I've been using GWT for an application and I get the same feeling using it that I first got using html. I've always sucked at building UIs. Starting with programming HP terminals, moving on to the Apple Lisa, then X Windows, and Microsoft Windows, I just never had IT, whatever IT is. On the Beauty and the Geek scale my interfaces are definitely horned-rimmed and pocket protector friendly. Html helped free me from all that to just build stuff that worked, but didn't have to look all that great. Expectations were pretty low and I eagerly fulfilled them. With Ajax expectations have risen again and I find myself once more easily identifiable as a styless geek. Using GWT I have some hopes I can suck a little less. In working with GWT I was so focussed on its tasty easily digestible Ajaxy goodness, I didn't stop to think about the topic of this site: scalability.

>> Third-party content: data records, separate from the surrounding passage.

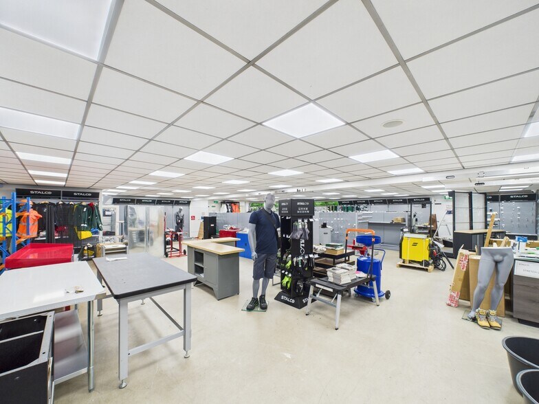 The showroom is of modular construction, with metal / PVC external cladding, under shallow-pitch / flat roofs. The internal layout extends to an open-plan sales area, offices, store, and staff welfare facilities. There are three large uPVC display windows and a customer entrance door, all under full-width fascia signage. The workshop is accessed via sliding timber doors and is of concrete block construction, surmounted by a timber-frame roof with corrugated metal cladding. A partial mezzanine store has been created, which is accessed via a fixed ladder.
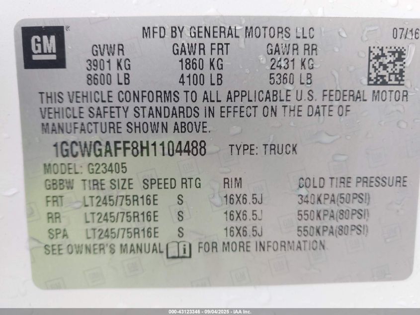 2017 CHEVROLET EXPRESS 2017 року Бензин, 4.8, Задний привод, vin - 1GCWGAFF8H1104488 из США
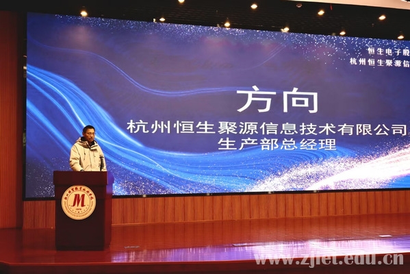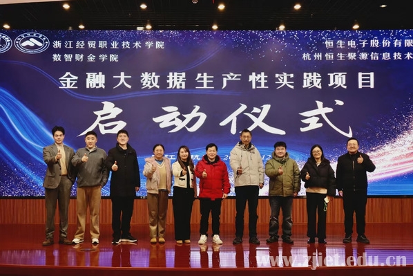 为进一步深化产教融合与校企合作,培养适应金融行业数字化转型需求的高素质技能人才,12月26日,数智财金学院金融大数据生产性实践项目启动仪式在学校会议中心二楼举行。杭州恒生聚源信息技术有限公司生产部总经理方向、生产部团队主管赵志会,恒生电子股份有限公司校企合作项目负责人黄善康,以及数智财金学院负责人和财富管理专业的全体师生参加了启动仪式。
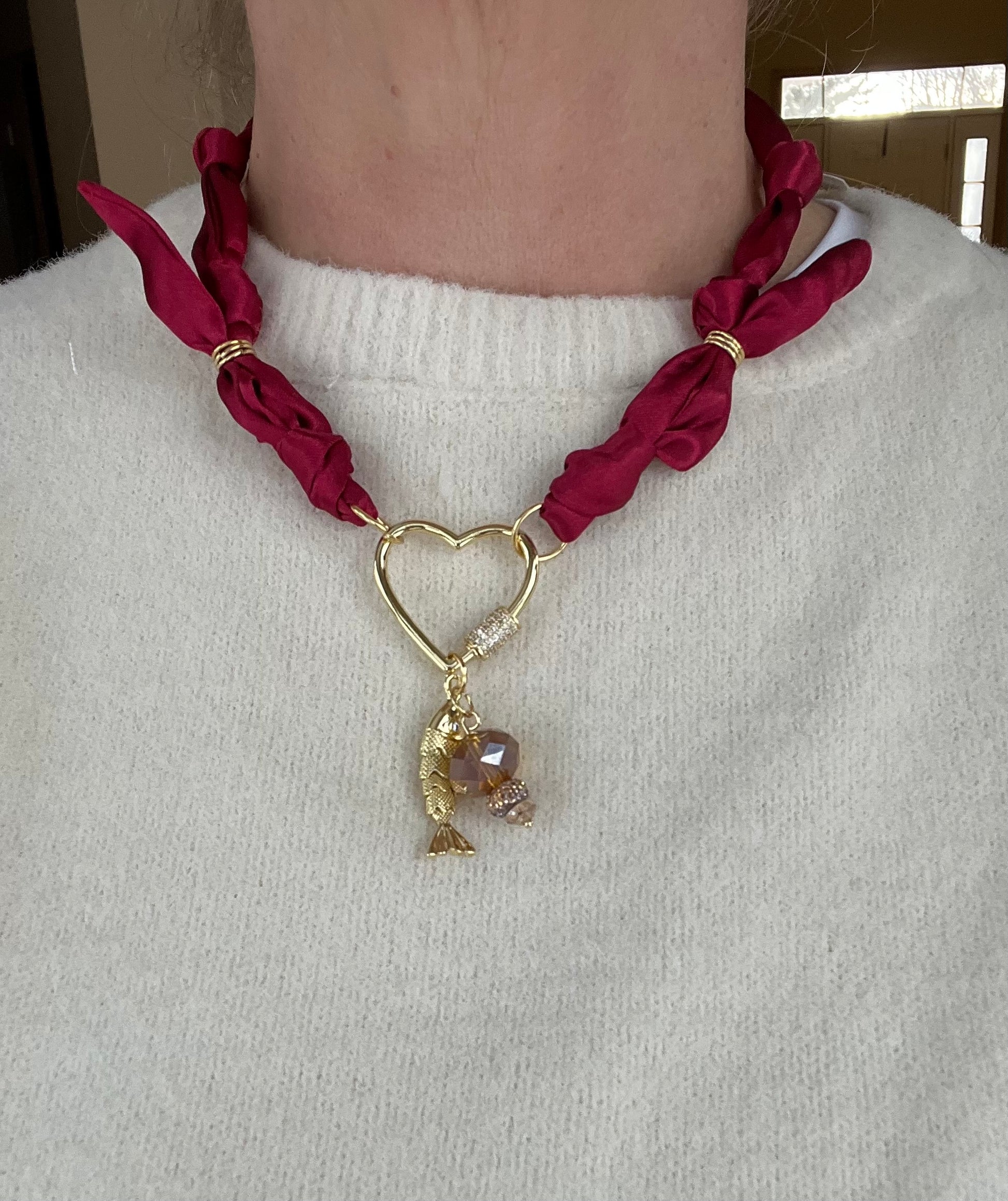 Scarf Necklace with Sparkling heart closure #43
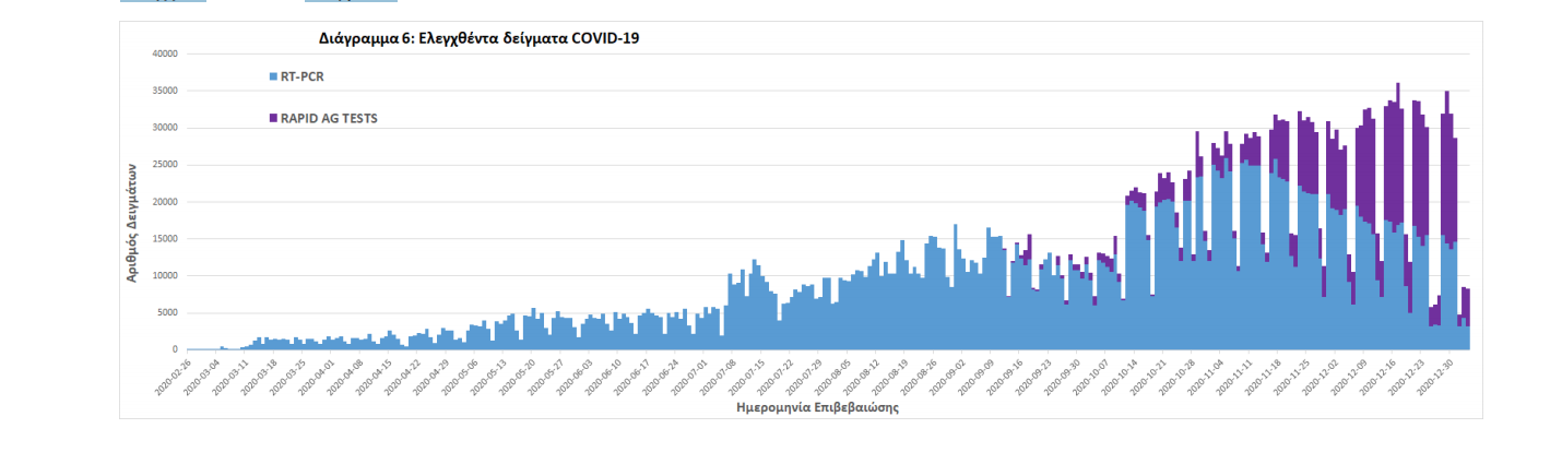 Δείγματα που έχουν ελεγχθεί: Από την 1η Ιανουαρίου 2020 μέχρι σήμερα, στα εργαστήρια που διενεργούν ελέγχους για τον νέο κορωνοϊό (SARS-CoV-2) και που δηλώνουν συστηματικά στον ΕΟΔΥ το σύνολο των δειγμάτων που ελέγχουν, έχουν συνολικά ελεγχθεί 2.828.461 κλινικά δείγματα ενώ από Μονάδες Υγείας και Κλιμάκια του ΕΟΔΥ που διενεργούν ελέγχους Rapid Ag έχουν ελεγχθεί 604.250 δείγματα
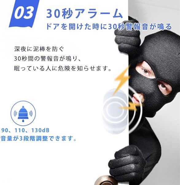 【3段階音量を調整可能】お客様の音量の違いに対するニーズに対応するために、本防犯アラームは音量を調整できる機能を持っています。お客様は自分のニーズに合わせて、90dB、110dB、130dBの3種類の音量の中から1つを選ぶことができます。音量が大きすぎて近所に迷惑をかける心配もありませんし、音量が小さすぎて防犯効果がないという心配もありません。

When I finally brought my distracted mind around to consider the scalability of the single page webs site I was building, I became a bit concerned. Many of the strategies that are typically used to achieve scalability don't seem to apply in single page land. Here are the issues I see. Maybe you can tell me where I am off in my analysis?

  • Plus: a lot of state is maintained in the client. You don't need to keep session state on the server side. This is a win because you aren't slamming the database to reconstitute state. It's cached on the client. After more consideration it seems this is not always the case. Take your typical shopping cart scenario. You have the old problem of not storing prices in the client so some evil Mallory can attack your system by changing prices. And my shopping cart must outlast my browser session so its still there when I return. I would be heart broken if my carefully crafted Amazon cart disappeared every time Firefox went away. So server side state is often still necessary. Yet a lot of state is kept on the client side and that's a better thing.

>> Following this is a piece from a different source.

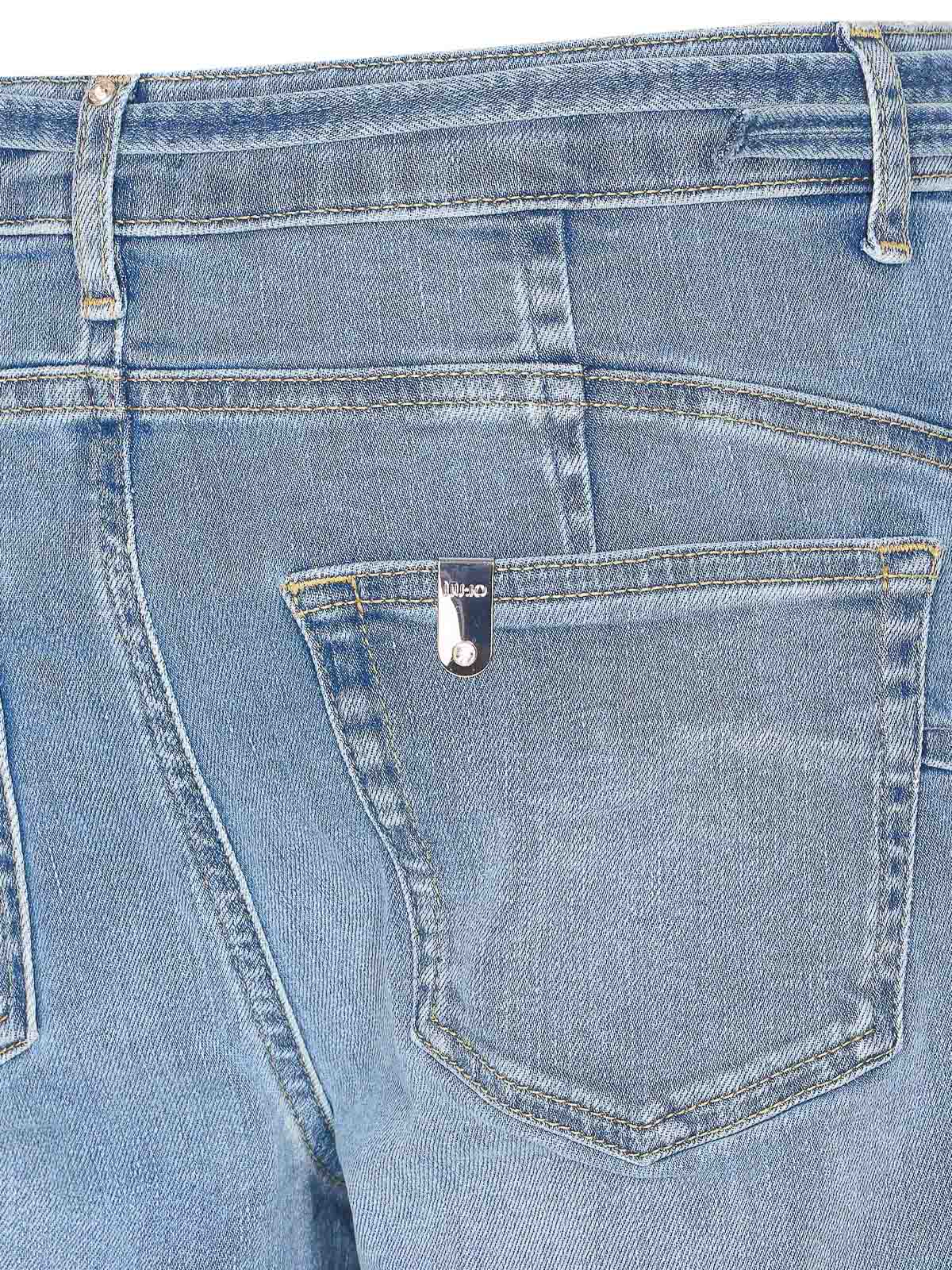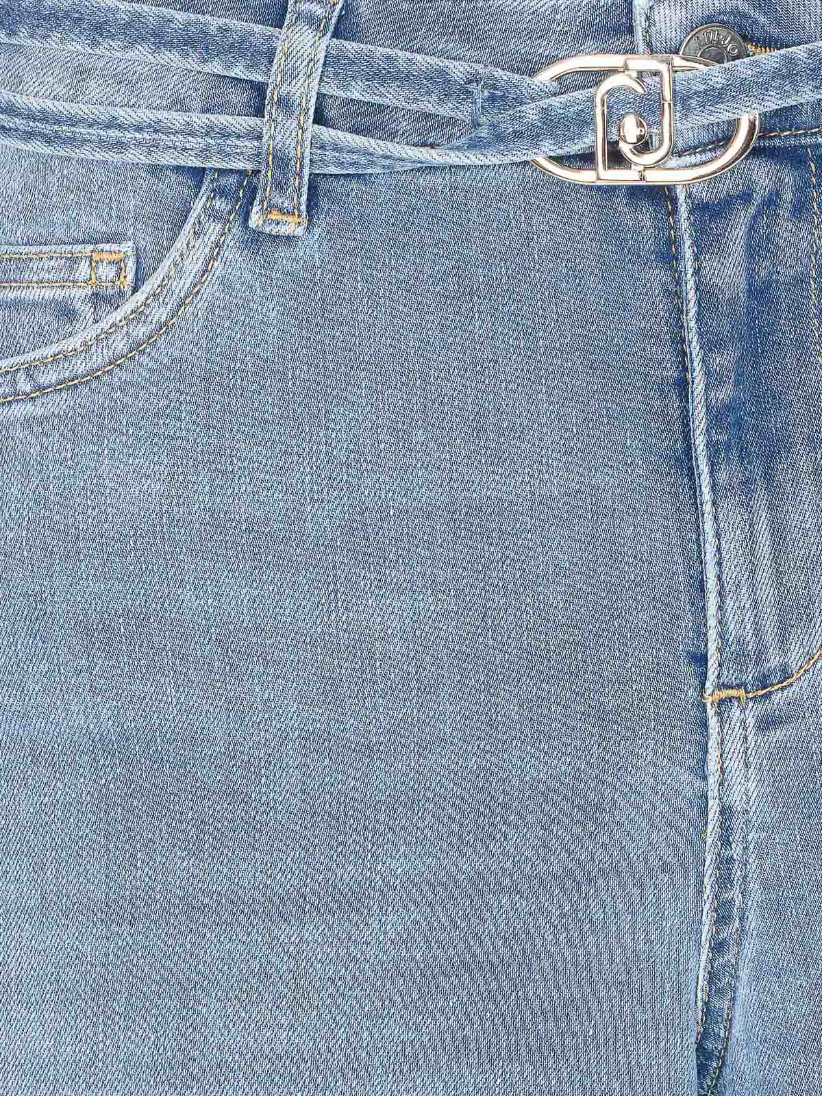 Liu Jo ボタンとジッパー付きデニムジーンズ、ウエストにベルト、ポケット5つ、スキニーフィット、裾にカフス
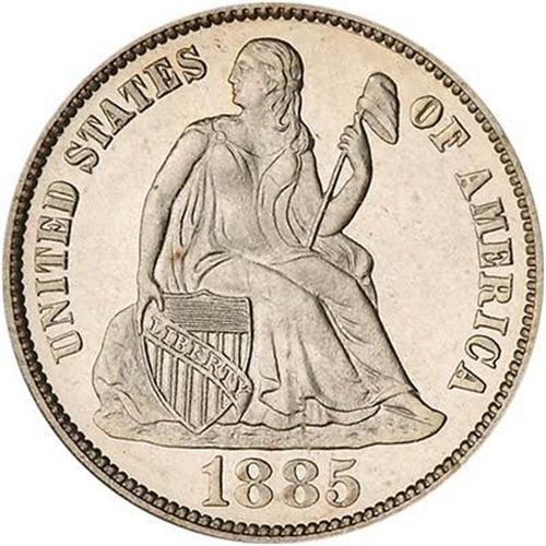 In the year 1885, the year of this seated Liberty Proof dime, Charles S. Tainter [born Watertown, Massachusetts, April 25, 1854, died April 20, 1940] developed the Dictaphone, a machine for recording dictation, and the bane of generations of secretaries ever after!

  • Plus: a lot of business logic in on the client. The client can do a lot of the work which saves making calls to the server. An interesting comparison of the effects of Ajax on business logic partitioning is Google Calendar: Not As Fat as Other Ajax Apps by Dietrich Kappe.
  • Minus: Can't offload searching. The lack of a proper link structure means your site can't be spidered, which means it can't be searched. One useful scalability strategy is to offload search to something like Google's Custom Search Engine, not for the ad revenue (because there's little), but because it means I don't have to devote any resources to searching. That's a huge win.

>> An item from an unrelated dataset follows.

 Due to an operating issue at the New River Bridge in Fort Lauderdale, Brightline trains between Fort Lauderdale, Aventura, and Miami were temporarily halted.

  • Minus: SEO problems suck up developer time. The common response to the previously mentioned search engine optimization (SEO) problems are to make a shadow text site or insert hidden divs. But that's a lot of pretty useless effort. I would like to spend my time elsewhere.
  • Minus: Can't load balance static content from the client. RPC is used to slurp up data from the server and these requests must go back to the originating domain. This counters one common strategy of using a CDN and/or multiple host names for serving content so you can trick your browser into starting multiple simultaneous connections to different hosts when loading page content. This speeds up your site and spreads the load across different servers. Using RPC to serve content seems to lose this advantage.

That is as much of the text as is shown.